Niccol’s salary has only continued to grow over time. In 2020, Niccol received the highest compensation he’s made since he took over the reins as CEO in 2018. Per Newsweek, he was paid $38 million — a sharp increase from the $14.8 million he would have made if not for the pandemic-related modifications Chipotle implemented. This means Niccol made 2,898 times more than the median Chipotle employee in 2020, and actually earned more money during the pandemic than he would have had it not happened. Other executives, including CFO Jack Hartung, CTO Curt Garner, and Chief Restaurant Officer Scott Boatwright, also received pay increases last year.
Employees, meanwhile, saw their salaries go down. Chipotle confirmed to Newsweek that the average worker took a pay decrease as a result of government-mandated shutdowns and COVID-19 safety measures. A representative clarified, though, that Chipotle workers still made more than their peers working for competitors. “Since all Chipotle restaurants are company-owned, our employee population and resulting pay ratio is higher compared to industry peers that operate under a franchise model,” the company said in a statement.
Like many other restaurant chains, Chipotle has faced criticism, lawsuits, and a sharp decrease in prospective employees for understaffing and underpaying its workers. On May 8, a photo of an unknown Chipotle location went viral on Twitter. “Ask our corporate offices why their employees are forced to work in borderline sweatshop conditions for 8+ hours without breaks,” read a sign taped to the restaurant’s door. “We are overworked, understaffed, underpaid, and underappreciated.” And while employees at Chipotle have been attempting to unionize for awhile, they’ve faced a lack of support.
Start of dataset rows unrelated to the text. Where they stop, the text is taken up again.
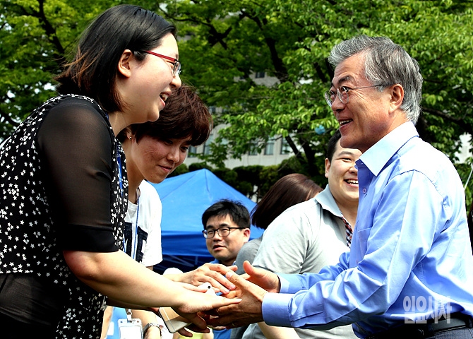 14일, 서울 여의도 국회운동장에서 '새정치민주연합 보좌진 한마음체육대회'가 열린 가운데, 한 보좌관이 자리에 참석한 문재인 대표를 반갑게 맞이하고 있다.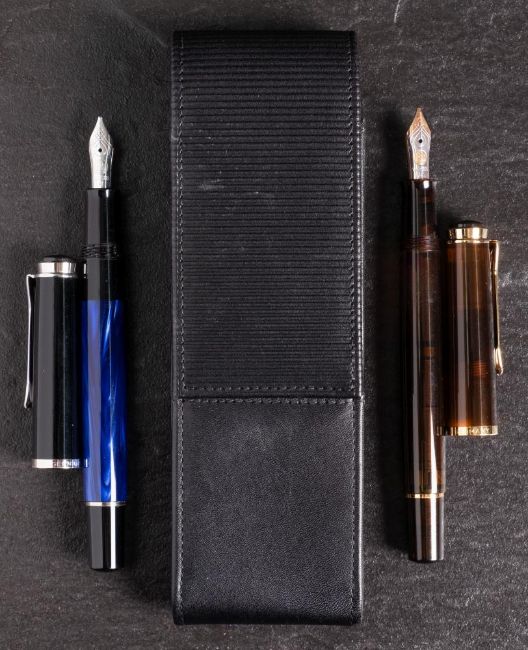 Two Pelikan (Germany) '200' piston filing fountain pens: one on smoked amber, the other in blue (2)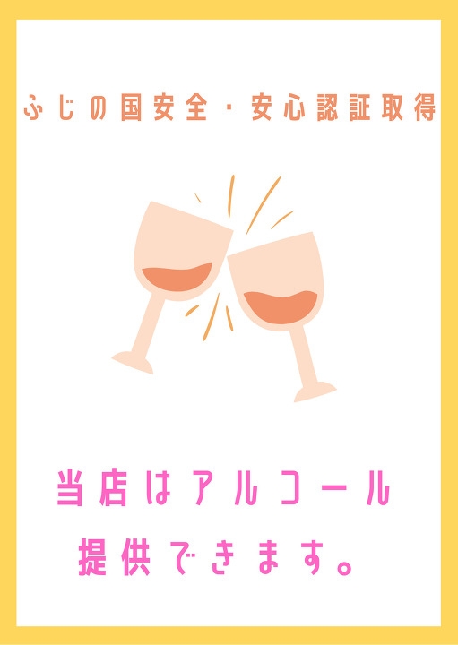静岡県に発令されるまん延防止措置に対して、当店はふじの国安全・安心認証を取得しておりますので、アルコール提供できますので是非ご来店ください。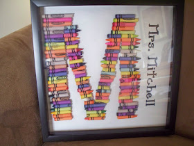 I found my frames at Walmart for $10. They are 12x12 shadow boxes. I used tacky glue to adhere the paper onto the cardboard backing and also used it to glue on the crayons. It's a little thicker than Elmer's glue and kept the crayons in place until they were dry. I used about 1 1/2 boxes of crayons for each letter - but it probably depends on what letter you are making.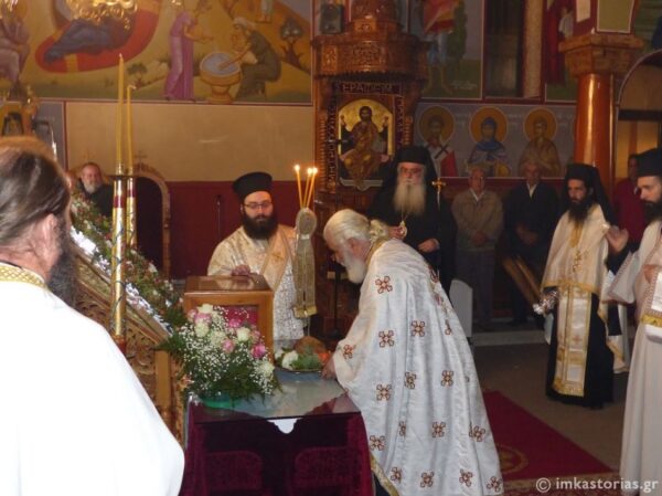 Της Ιεράς Αγρυπνίας προεξήρχε ο Μητροπολίτης Καστορίας Σεραφείμ, συμμετείχαν πολλοί Κληρικοί και πιστοί, ενώ τα χαριτόβρυτα τίμια Λείψανα του Νεομάρτυρος, που πρόσφατα αναγράφθηκε στο Αγιολόγιο της Εκκλησίας, τέθηκαν προς προσκύνηση στο κέντρο του Ναού μαζί την προσφάτως αγιογραφηθείσα εικόνα του.

The exploitation of fast food workers has been an ongoing problem across brands and across the country, but the pandemic showcased just how little companies value the employees working tireless days for under $15 an hour — the same employees often considered essential workers. As a result, fewer people are applying to work at fast food restaurants, and the workers already there are facing increased hours and a heavier workload as a result, reported Business Insider.
Make no mistake: This is why Chipotle finally decided to pay employees fairly. If anyone is to “blame” for the extra 50 cents or so your next Lifestyle Bowl may cost you, it’s not the workers, who should have been making more money years ago. It’s the executives, who underpaid them from the beginning, while their own wallets grew fatter.